Mundra LNG terminal is the third liquefied natural gas (LNG) import terminal in Gujarat, India. The terminal was developed by GSPC LNG Limited (GLL), a joint venture (JV) between Gujarat State Petroleum Corporation (GSPC) and Indian conglomerate Adani Enterprises.
The LNG terminal will double the capacity of imported gas in India while meeting the growing demand for natural gas in western and northern parts of the country.
The project received environmental and coastal regulation zone (CRZ) clearance from the Ministry of Environment & Forests (MoEF) in March 2014. The development is divided into three phases.
Phase one was completed in October 2018 with a capacity of five million tonnes a year (Mtpa).
Mundra LNG terminal background
GSPC and Adani signed a memorandum of understanding (MoU) to set up the Gujarat LNG terminal during the Vibrant Gujarat Global Investors’ Summit in 2007.
GSPC and Adani subsequently formed a JV with an affiliate of Essar Group to build the LNG import terminal in Pipavav. GSPC held a 50% stake in the JV, while Adani and Essar acquired 25% each.
Essar left the project following the relocation of the terminal to Mundra in a special economic zone (SEZ) developed by Adani Ports. Essar’s stake will be sold to a strategic partner.
The JV was approved by the Government of Gujarat in August 2011. Bids were issued to select the engineering, procurement and construction (EPC) contractor for the storage tanks in September 2012 and for the terminal in February 2013.
Mundra LNG terminal location and facilities
The Mundra LNG import terminal site is located at Mundra multi-purpose port, which is located approximately 300km south-west of Gujarat’s capital city Gandhinagar in the Gulf of Kutch. The site is well connected to the western and northern parts of the country.

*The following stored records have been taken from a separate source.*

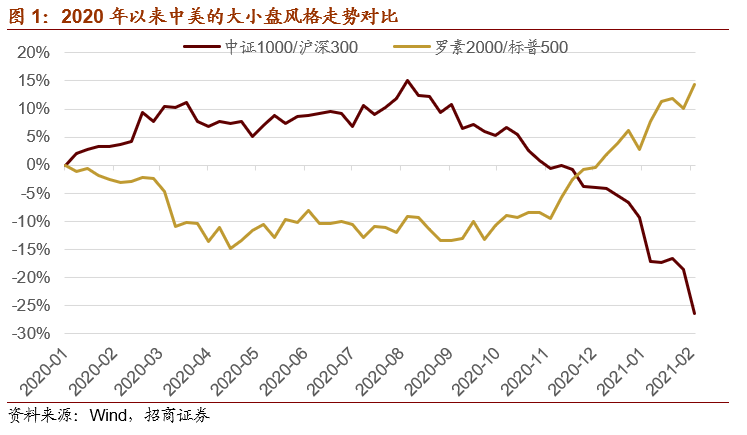 2020年四季度以来,A股和美股的中小市值公司出现了严重背离,A股中小市值公司整体出现大幅调整,而美股中小市值公司却大幅上涨。我们分析了背后的逻辑和原因是因为,美国大小盘风格取决于经济趋势,去年四季度以来美国经济加速改善, 市场对于成长性较高的中小市值公司重回青睐,同时,美国利率中枢开始上移,业绩重要性愈加重要。而疫情中,美国产生了很多新的消费趋势。所以,美股呈现小票占优的特征。反应了经济基本面的改善和流动性的边际趋弱。
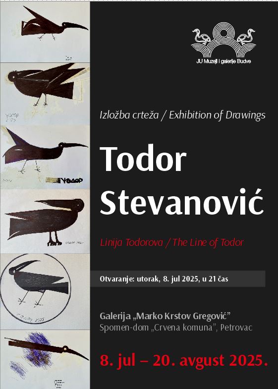 U organizaciji JU Muzeji i galerije Budve u Spomen domu „Crvena komuna” u Petrovcu, u utorak 8. jula u 21 čas će biti otvorena samostalna izložba crteža akademika Todora Stevanovića pod nazivom „Linija Todorova”. Izložbu će otvoriti mr Lucija Đurašković, istoričarka umjetnosti i direktorica JU Muzeji i galerije Budve.
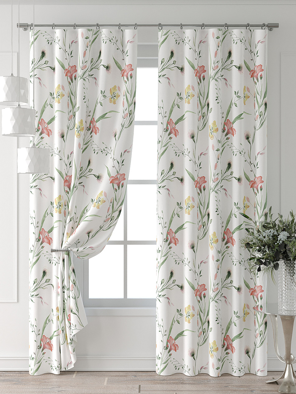 Портьера 2 шт. Подхват - доп.услуга. Комплект штор из легкой портьерной ткани (габардин) оформлен печатным рисунком. Печатный рисунок дает широкие возможности обновить интерьер фактически нет требуя ремонта за счет огромного выбора. Ткани с печатным рисунком безопасны и не содержат токсичных веществ. Не смотря на то что, материал легкий, он имеет высокую плотность, мало загрязнятся и не требует особого ухода даже после стирки, что важно для кухонных занавесок. Шторы не выцветают, не растягиваются, превосходно драпируются, образуя струящиеся складки. Прекрасное решение для создания красоты и уюта с помощью уникальных дизайнов.
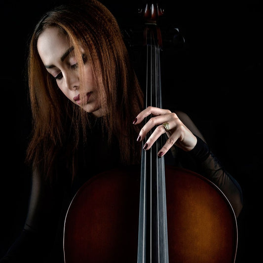 Cellist White Modern Wood Framed Art Print with Double Matting by Arabzadeh, Abbas

Phase one, which covers 28ha, involved the construction of two LNG storage tanks with a net storage capacity of 160,000m³ each. The plant is 93m in diameter and 45m in height.

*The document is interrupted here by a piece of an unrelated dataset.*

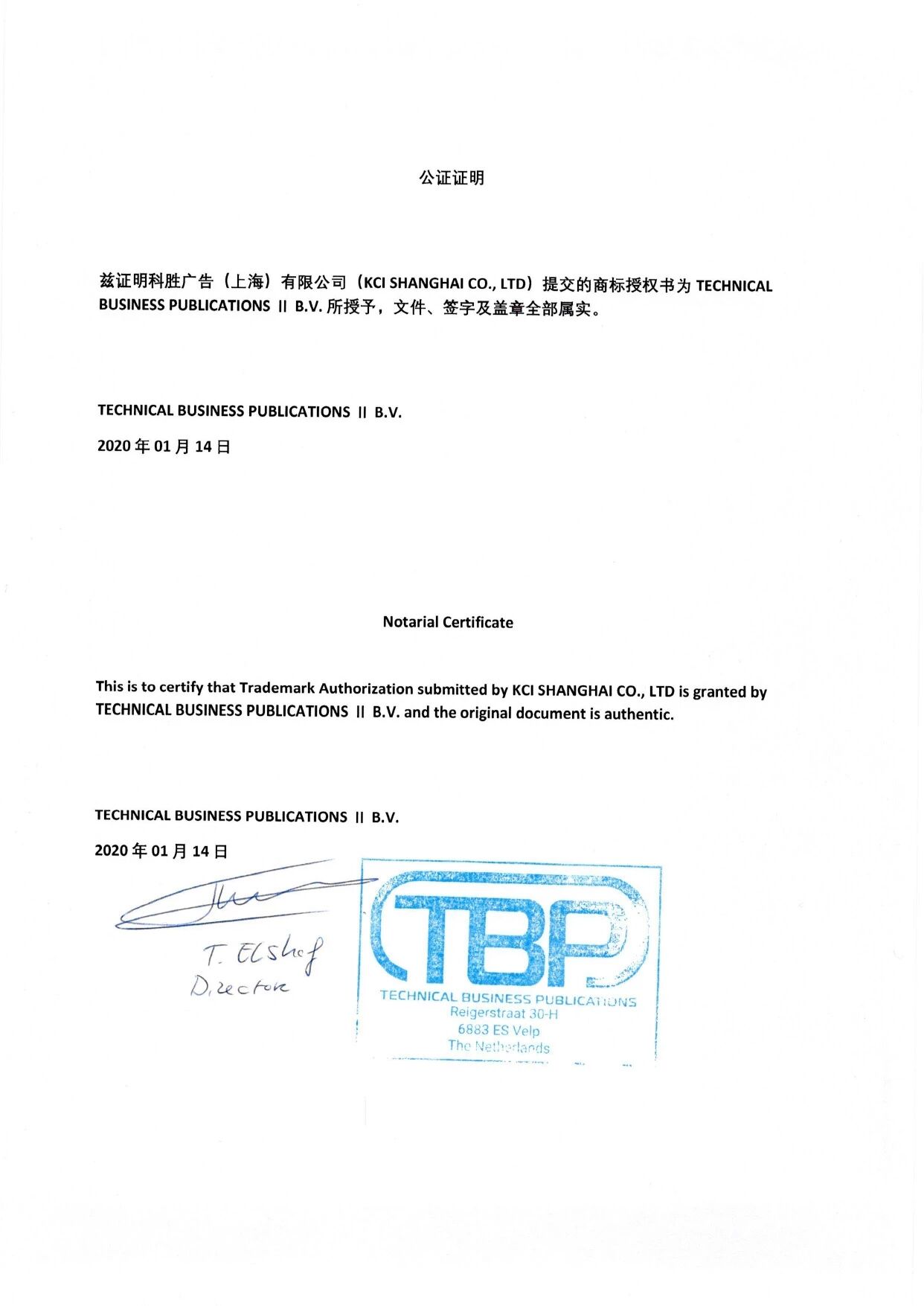 或(b)国内公证处对授权材料的《公证书》;

It also included the construction of facilities for LNG carrier berthing and unloading, boil-off gas handling, regasification, gas evacuation, pressurisation and vaporisation, receiving berth and other jetty and marine facilities. The marine facilities are capable of handling LNG carriers with capacities ranging from 75,000m³ to 260,000m³.
The second and third phase will involve the construction of additional storage tanks and support facilities to expand the terminal’s regasified LNG capacity to 20Mtpa.
A Mundra-Anjar pipeline built between the Mundra port and Anjar enables the transfer of natural gas from the terminal to the existing Gujarat State Petronet high-pressure gas grid.
Financing
The LNG terminal was developed with an investment of Rs50.41bn ($730m), funded through a combination of debt and equity financing. The project received Rs35.287bn ($560m) in funding from a group of 11 Indian banks in April 2015.
Contractors involved with Mundra LNG terminal
IHI was awarded a contract to build two LNG storage tanks at the Mundra LNG terminal in December 2013.
Whessoe Projects provided project management consultancy and construction supervision services for the LNG storage tanks, regasification facilities, and jetty and marine facilities.
Keller India performed detailed site investigation and foundation works for the LNG storage tanks and re-gasification facilities, under a $4m contract.
COWI provided site supervision, pre-construction and construction services for the project from 2012 to 2017.
ITD Cementation India provided civil construction services for the seawater intake structures of the LNG storage tanks.
In February 2015, Netherlands-based engineering and construction firm BAM Infraconsult signed a licensing agreement with Adani Ports and Special Economic Zone (APSEZ) for the installation of Xbloc breakwater armour units on the reclaimed land area. The units will protect the Mundra LNG terminal from severe cyclone waves, marking its first application in the country.